===== The data =====
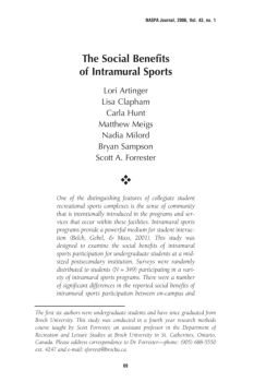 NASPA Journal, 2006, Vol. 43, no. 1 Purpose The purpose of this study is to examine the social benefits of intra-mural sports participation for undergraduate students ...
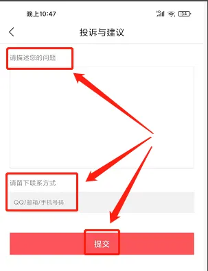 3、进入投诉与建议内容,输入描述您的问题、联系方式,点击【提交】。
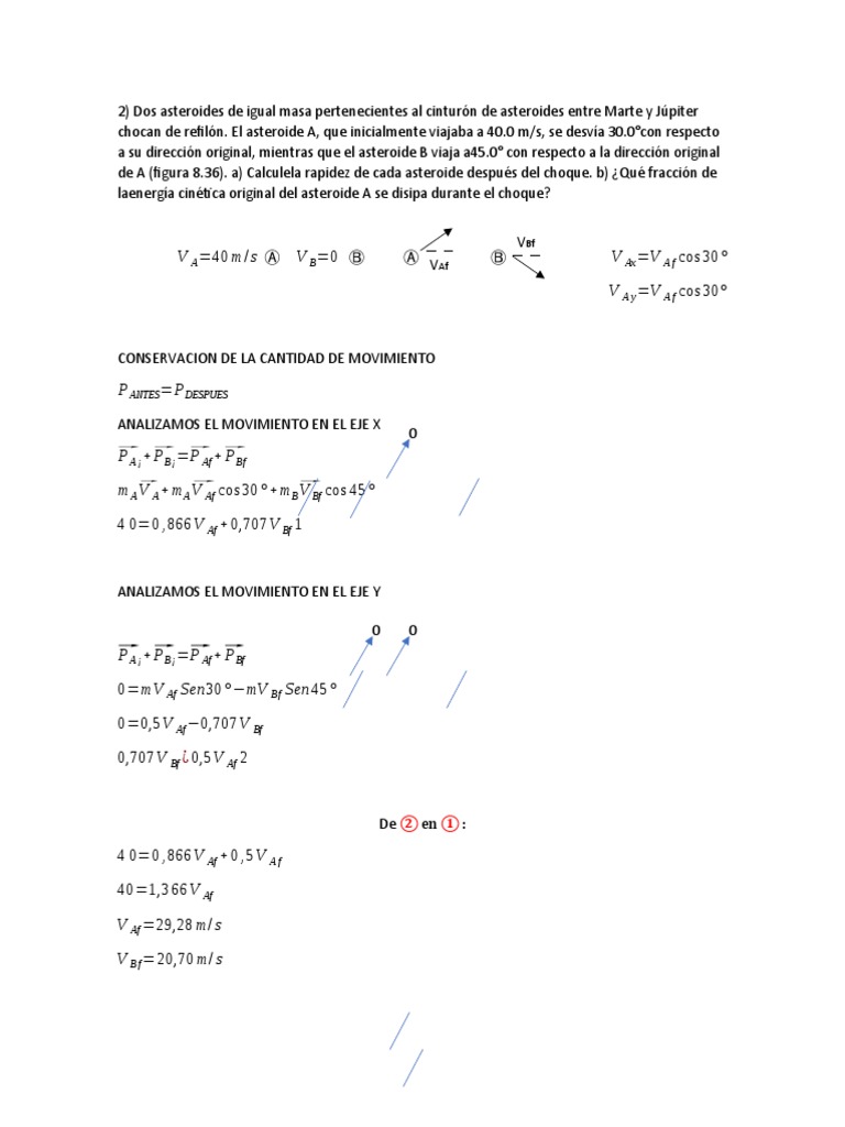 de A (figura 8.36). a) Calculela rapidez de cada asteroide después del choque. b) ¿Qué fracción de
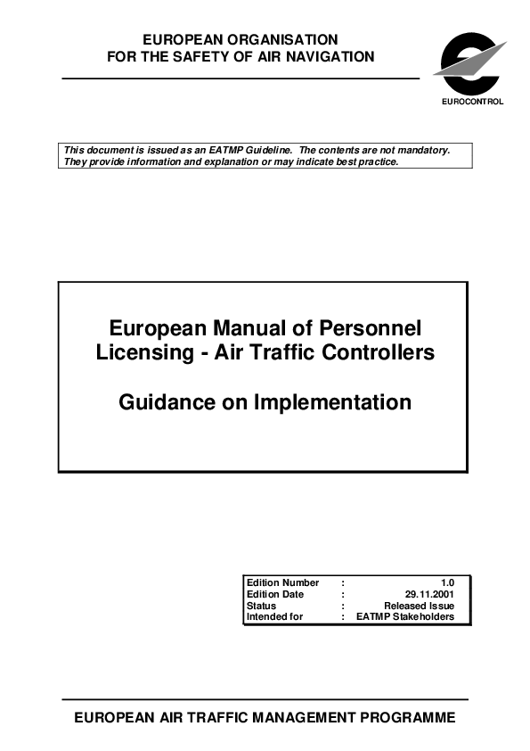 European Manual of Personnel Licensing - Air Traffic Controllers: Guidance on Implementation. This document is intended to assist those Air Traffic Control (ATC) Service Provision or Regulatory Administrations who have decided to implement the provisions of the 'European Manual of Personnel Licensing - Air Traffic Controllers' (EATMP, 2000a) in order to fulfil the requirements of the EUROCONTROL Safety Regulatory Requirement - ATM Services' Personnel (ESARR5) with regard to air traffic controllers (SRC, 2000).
=====
From the line that contains "3、进入投诉与建议内容,输入描述您的问题、联系方式,点击【提交】。" to the last line of the data, print each line exactly, both ends included, and omit the pictures.

## Solution for this exercise
 3、进入投诉与建议内容,输入描述您的问题、联系方式,点击【提交】。
 de A (figura 8.36). a) Calculela rapidez de cada asteroide después del choque. b) ¿Qué fracción de
 European Manual of Personnel Licensing - Air Traffic Controllers: Guidance on Implementation. This document is intended to assist those Air Traffic Control (ATC) Service Provision or Regulatory Administrations who have decided to implement the provisions of the 'European Manual of Personnel Licensing - Air Traffic Controllers' (EATMP, 2000a) in order to fulfil the requirements of the EUROCONTROL Safety Regulatory Requirement - ATM Services' Personnel (ESARR5) with regard to air traffic controllers (SRC, 2000).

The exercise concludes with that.